I believe it will improve overall performance on all GDAL operations if the parameters are supported.
PR Incoming... :smile:
I would recommend using %X for GDAL_CACHEMAX: This option controls the default GDAL raster block cache size. If its value is small (less than 100000), it is assumed to be measured in megabytes, otherwise in bytes. Starting with GDAL 2.1, the value can be set to "X%" to mean X% of the usable physical RAM. Note that this value is only consulted the first time the cache size is requested overriding the initial default (40MB up to GDAL 2.0, 5% of the usable physical RAM starting with GDAL 2.1) https://trac.osgeo.org/gdal/wiki/ConfigOptions
wm requires more thought. https://trac.osgeo.org/gdal/wiki/UserDocs/GdalWarp
`The -wm flag affects the warping algorithm.
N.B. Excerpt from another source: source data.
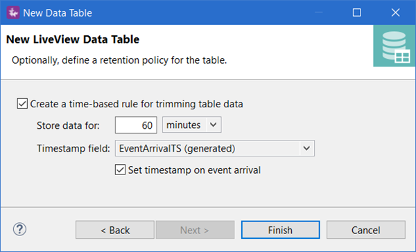 Use the third panel to define how long table rows should be retained. See Retention Policy for more information.
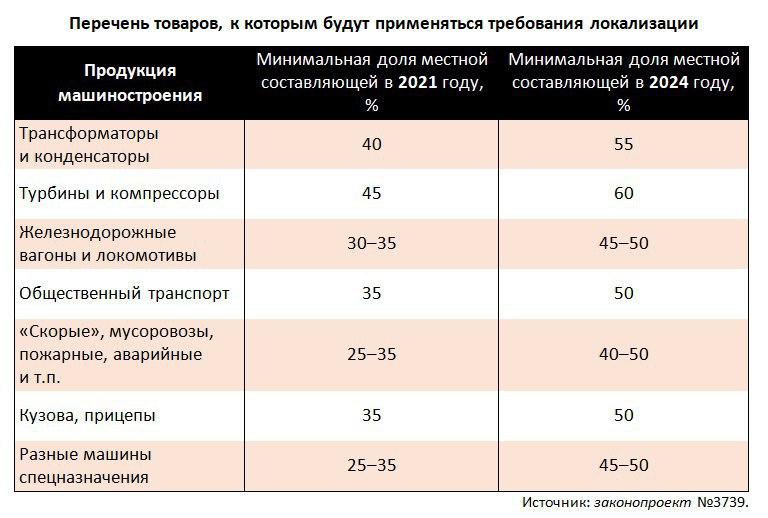 При этом следует отметить, что в случае внедрения условий локализации для удовлетворения потребностей государства в наземном транспорте, энергетическом оборудовании, коммунальной и специальной технике будет привлечено около 4 тысяч отечественных предприятий в сфере машиностроения, а также почти 5 тысяч предприятий в смежных отраслях и видах экономической деятельности.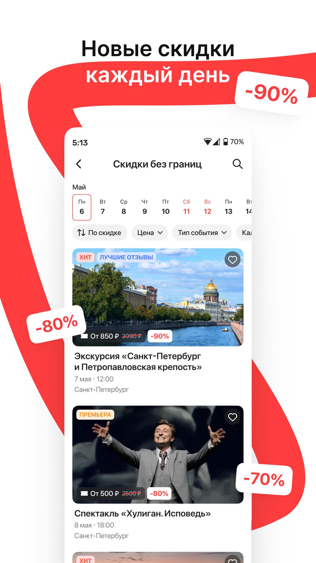 Теперь главный слайд встречает вас не только событиями, но и подборками мероприятий — находить интересное стало проще. Гарантируем лучшие цены в нашем приложении! Мы также обновили визуальные элементы и доработали тёмную тему.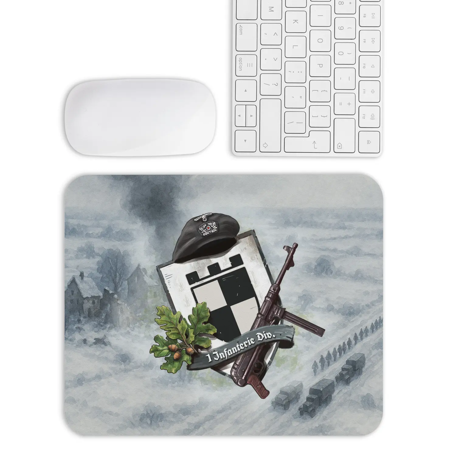 Looking for the perfect gift for a military history enthusiast, collector, or gamer? This premium-quality mouse pad features the emblem of the 1. Infanterie-Division (Wehrmacht) — one of the most historically significant German infantry divisions of World War II. The design is inspired by Igor Donchik’s distinctive artistic approach and the acclaimed Military Unit Insignia book series, blending authenticity, visual impact, and everyday practicality.
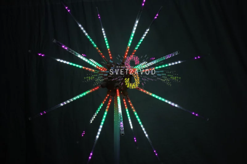 Светодиодный салют "Шар" диаметром 1,2 метра — это 20 разноцветных лучей, создающих объемную, постоянно меняющуюся картину. Управляемый контроллером, он работает от сети 220В и полностью безопасен. Это выгодное предложение для тех, кто ищет, где заказать световой фонтан по хорошей цене.
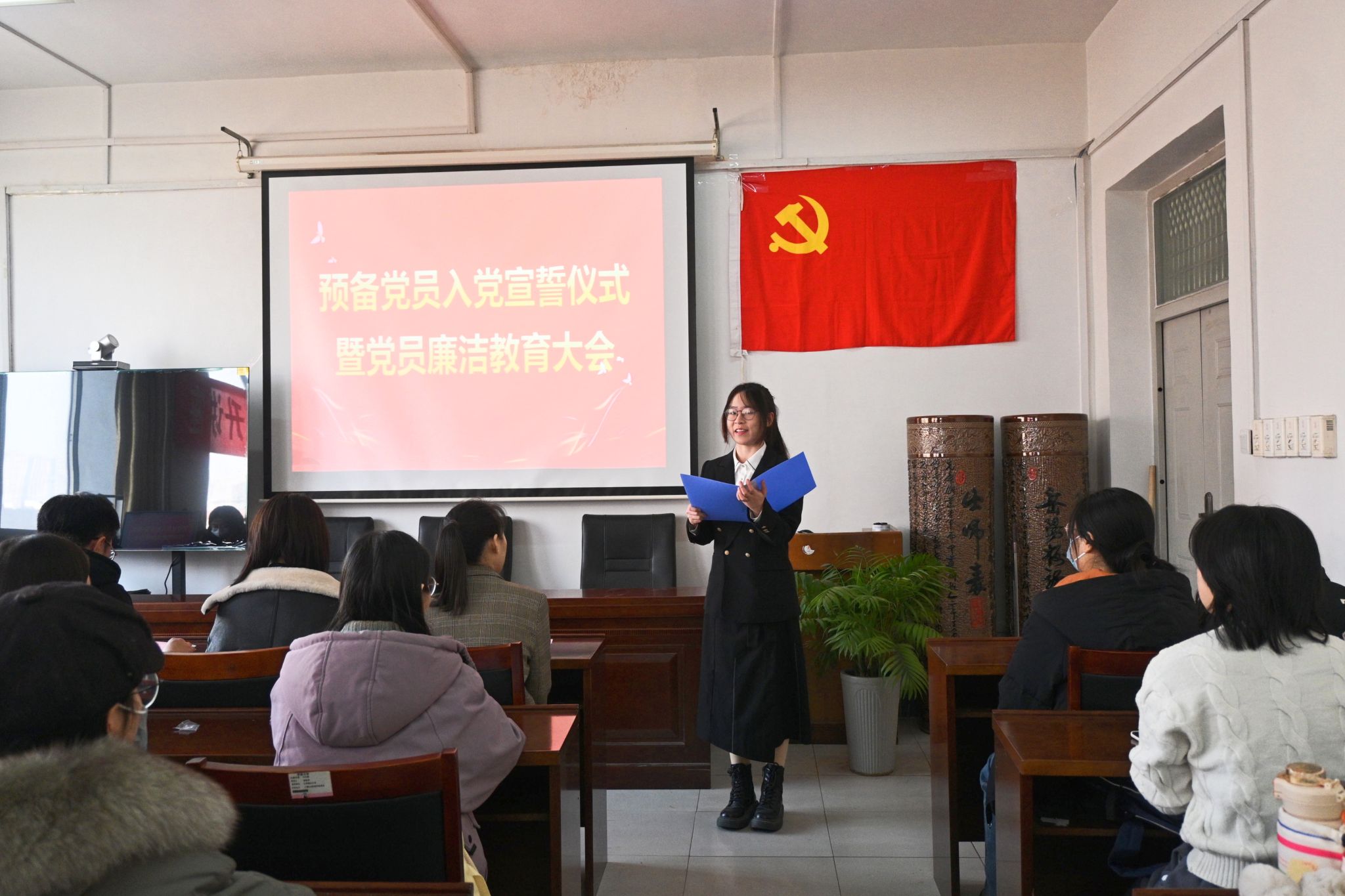 潘颖代表学院党委向新党员同志加入党组织表示热烈祝贺,并提出三点希望,一是希望同学们将入党日期当作自己的第二个生日铭记在心,在组织上入党的同时,思想、行动上也要入党;二是希望同学们履行党员义务,践行入党誓词,充分发挥共产党员的先锋模范作用;三是希望同学们厚植文化自信,努力践行社会主义核心价值观,将个人发展符合国家社会整体需求,让“小我”自觉融入“大我”,让个人与时代共振。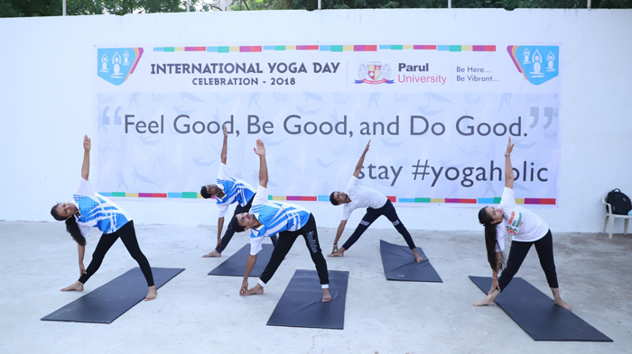 The fourth International Day of Yoga program organized by the Dept. of Swasthavritta, Parul Institute of Ayurveda on June 21, 2018 began with the morning one hour (7.00 am-8.00 am) Mega Yoga Session inaugurated by Dr. Vijayakumar, Registrar, Parul University in the main ground, Parul University campus with 1000 participants (faculties, UG students of Parul University) that included deputy registrar, Dean and HOI of various Institutes of Parul University strictly following the “Common Yoga Protocol” that had already been promulgated by CCRYN and Department of AYUSH, Government of India.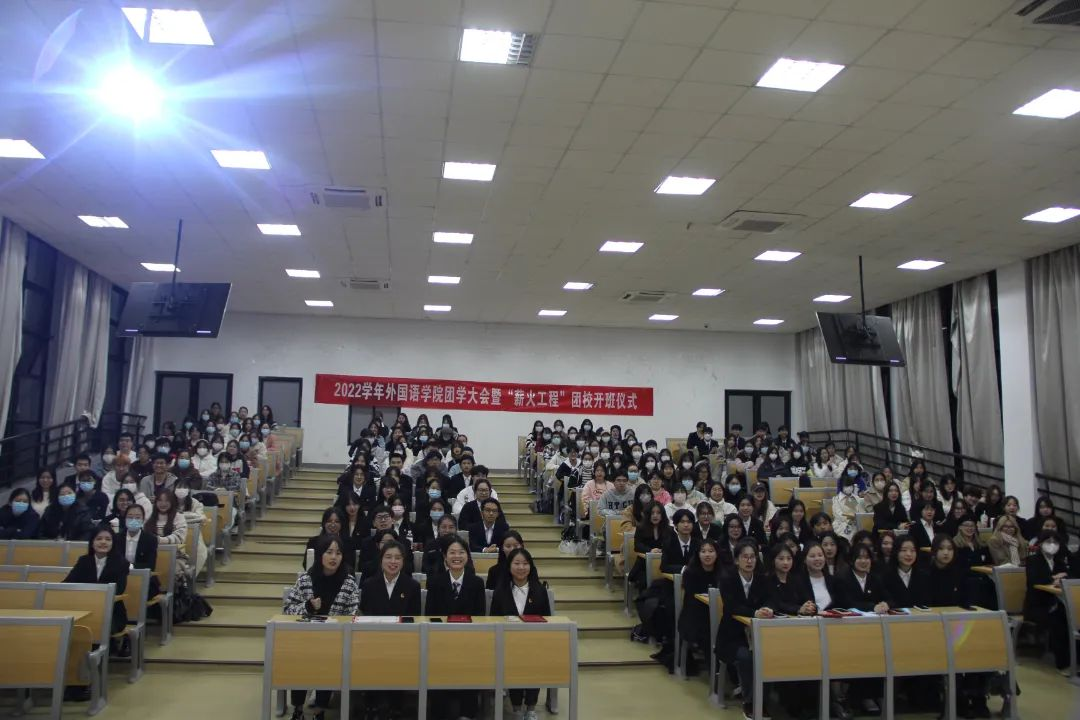 2022年11月29日晚,外国语学院团学大会暨第十一期团校开班仪式于SB104顺利进行。学院党委副书记任凯老师,党委委员、兼职辅导员胡海鹏老师,团委副书记洪雨菲老师、思政副主管阮佳蒂老师、外院班助及团学各组织成员等参加此次大会。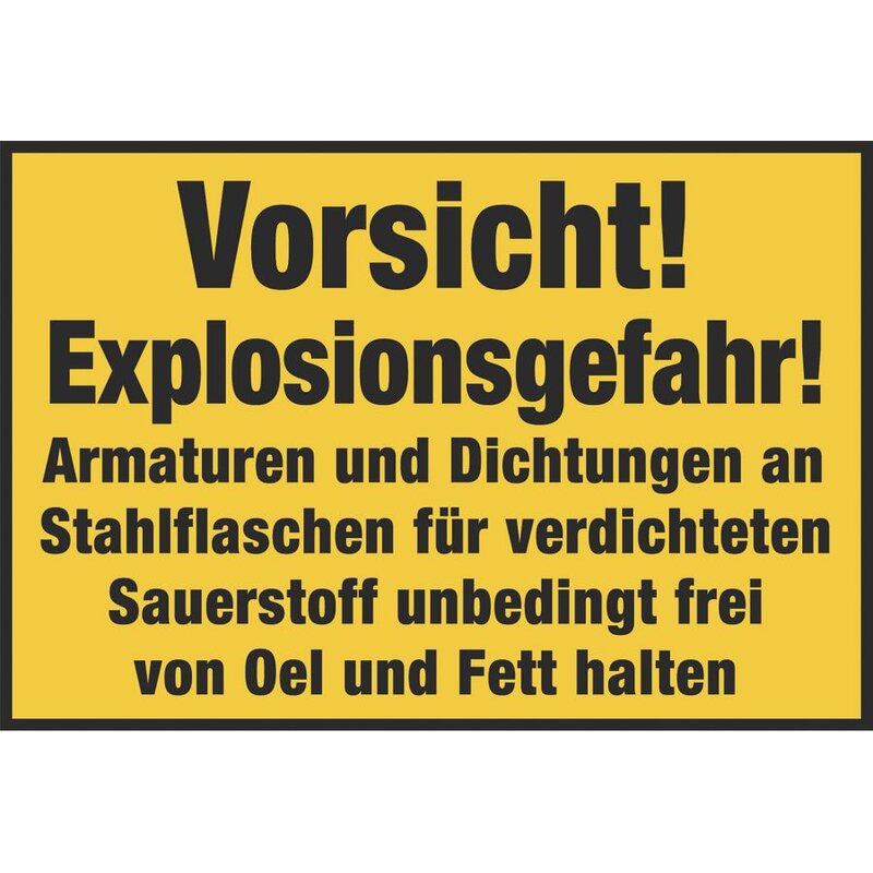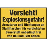 Vorsicht! Explosionsgefahr! Armaturen und Dichtungen an Stahlflaschen für verdichteten Sauerstoff unbedingt frei von Oel und Fett halten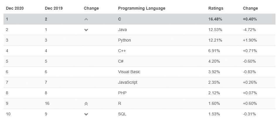 图1-3 TIOBE编程语言排行榜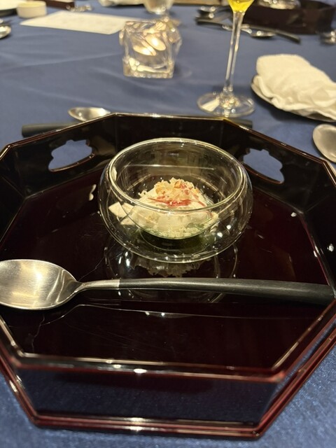 食前のお愉しみは、カブにマスカルポーネがまぶしてありうまく混ざり合っていてとても美味しかったです。次の魚介類のタンバル、ブロッコリーのムースは、こちらも初めてたべたお味でほのかにブロッコリーも感じ優しい味わいでした。食感が野菜のシャキシャキと魚介類のプリっとムースのなめらかな感じが混ざりあい食べていて楽しかったです。シェフの工程を考えたらなんとも大変なお料理、とても美味しかったです。あとは、マッシュルームのポタージュ。濃厚すぎるマッシュルームスープ、泡立ちを加えずっと飲んでいたくなるスープてました。美味しすぎて家でもマッシュルームスープ作りました。あとあと、感動したのは「かずさ和牛のロースト」今まで食べたコース料理の中でお肉がとんでもなく柔らかくて美味しかった。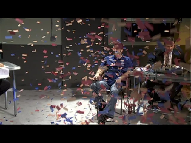 Stewart sat strapped into a chair within the confines of a strategically lit interrogation room setting. Suspenseful theme music, a la Who Wants to be a Millionairre, added dramatic flair to the event.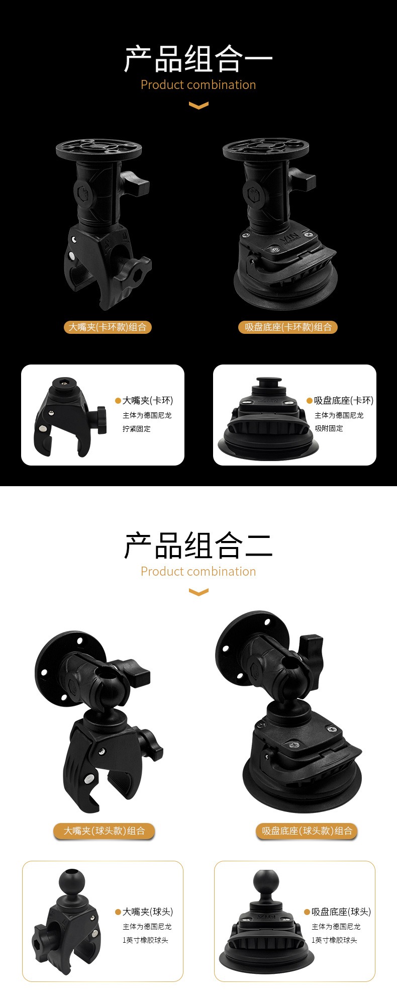 祈色VIN货车驾驶台轻型导航设备支架兼容1英寸球头尼龙卡扣连杆支架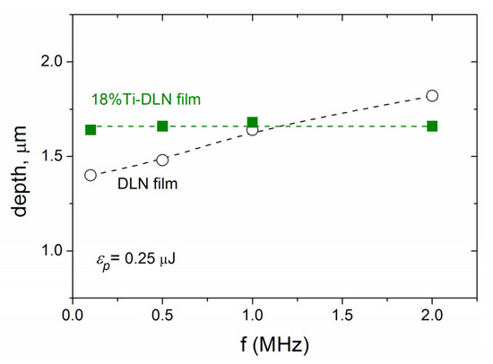 Influence of the pulse frequency on the ablation depth of microgrooves formed on the Ti-DLN film at the identical parameters of the pulse energy εp = 0.25 μJ and effective pulse number Neff = 2wo/(Vs/f), compared to the ablation depth vs. pulse frequency for the DLN film (E ‖ Vs).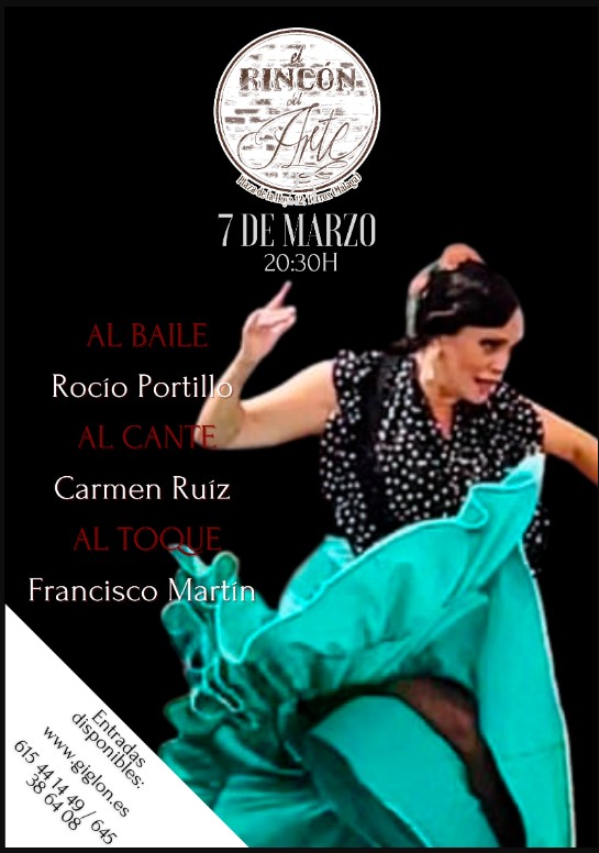 Tel: 615441449. Info & tix (€12): https://www.giglon.com/todos?idEvent=espectaculo-flamenco-rocio-portillo & Video Link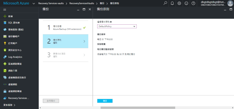 選擇 備份原則 (預設值 DefaultPolicy)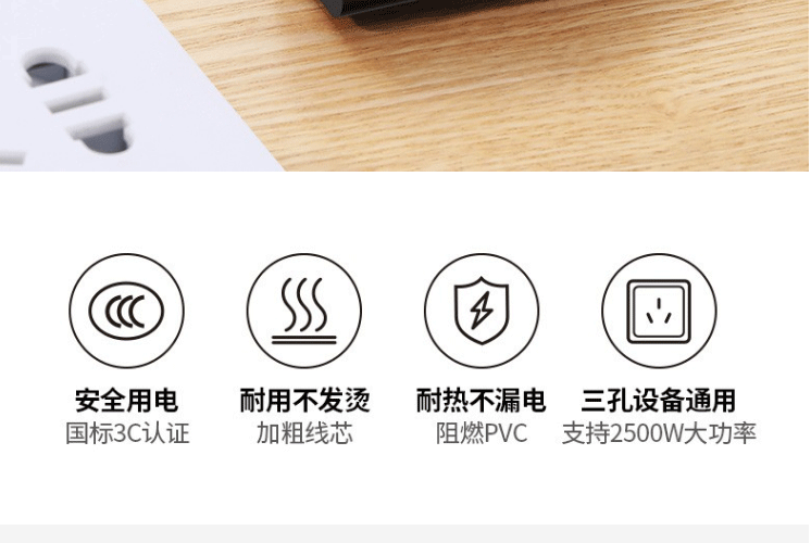 3C强电安全认证,电饭煲台式机箱显示器屏电热水壶插头1.5米 黑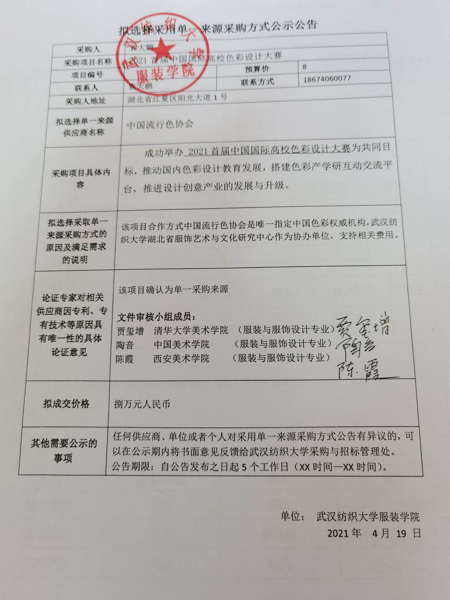 单一来源采购公示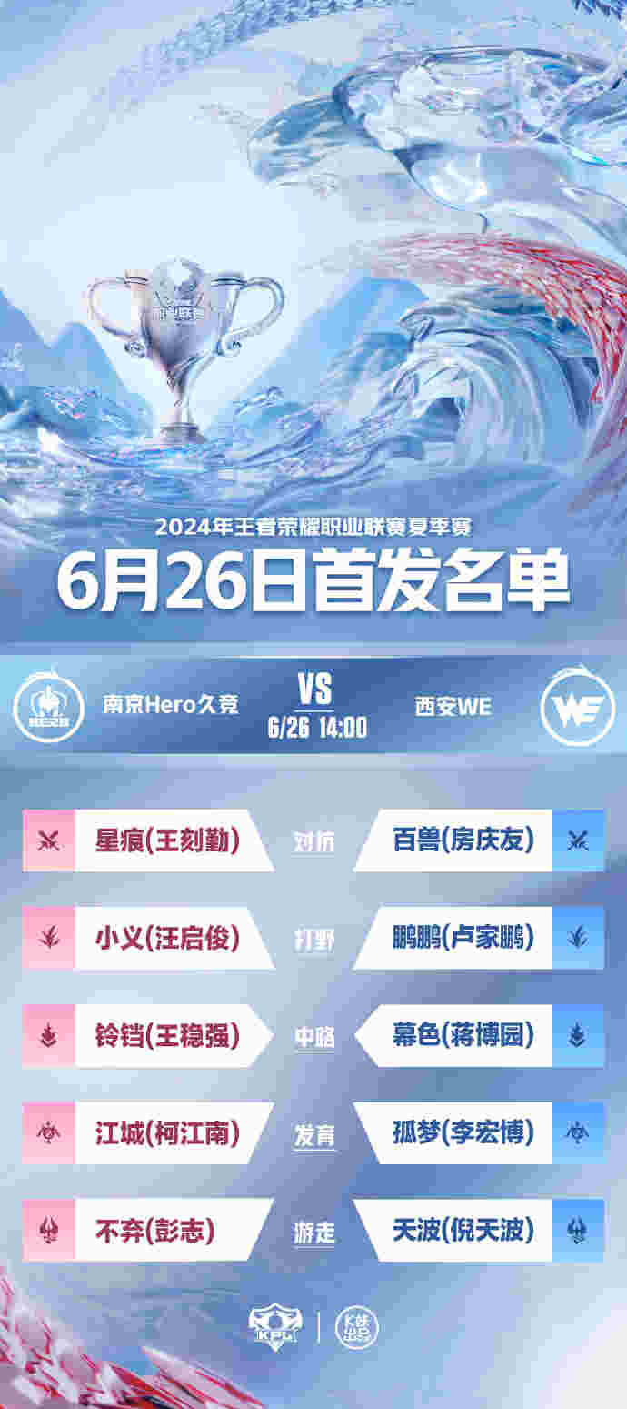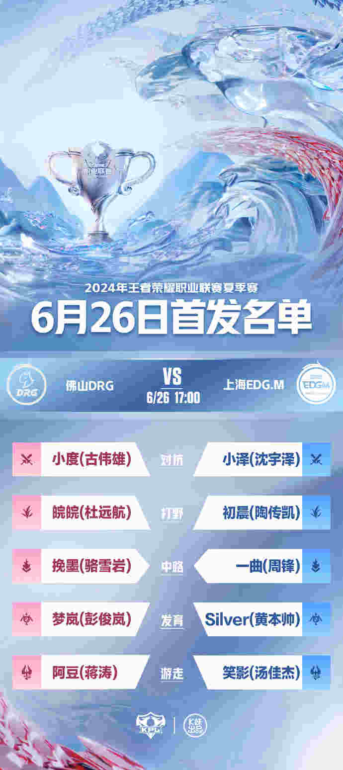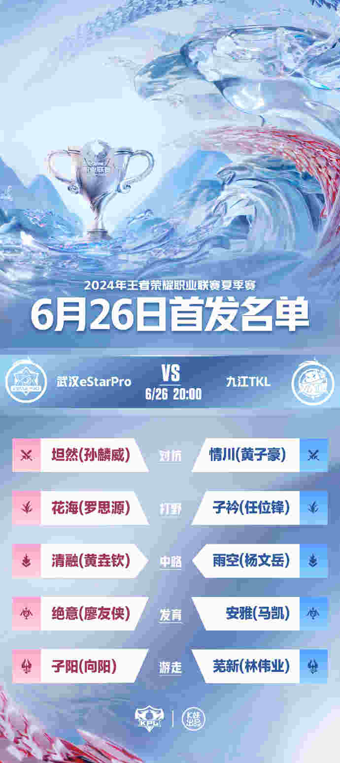 6月26日,KPL官方发布了2024KPL夏季赛常规赛第一轮第三周第一个比赛日的首发名单: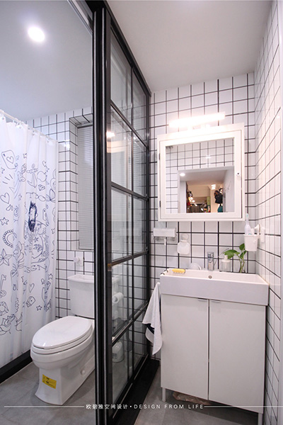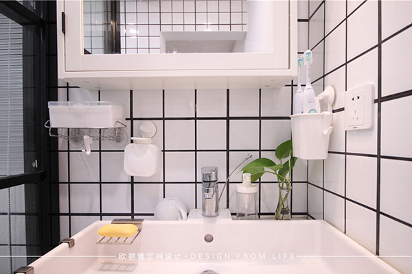 白色瓷磚之間使用黑色縫隙填補(bǔ)是現(xiàn)代而永恒的墻面主題。黑白配給人一種空間變換的美感,一種無限延伸的空間視覺。

The warper will total up the memory required to hold the input and output image arrays and any auxilary masking arrays and if they are larger than the "warp memory" allowed it will subdivide the chunk into smaller chunks and try again.
If the -wm value is very small there is some extra overhead in doing many small chunks so setting it larger is better but it is a matter of diminishing returns.`
So adding more is not necessarily going to improve performance. I wouldn't add it to all commands unless you can measure a tangible improvement in performance.
Perhaps related, but are we using -co "BLOCKXSIZE=value" -co "BLOCKYSIZE=value" when we create the initial tif? This could help in ensuring we have small chunks to stream through further operations, and might help with memory bound operations. I usually set it to -co "BLOCKXSIZE=512" -co "BLOCKYSIZE=512" but have set it as high as 4096.
I should say, I've never tested its effect on future GDAL operations, but it'd be good practice to use BLOCKXSIZE and BLOCKYSIZE for serving the data to web services, viewing in QGIS, etc..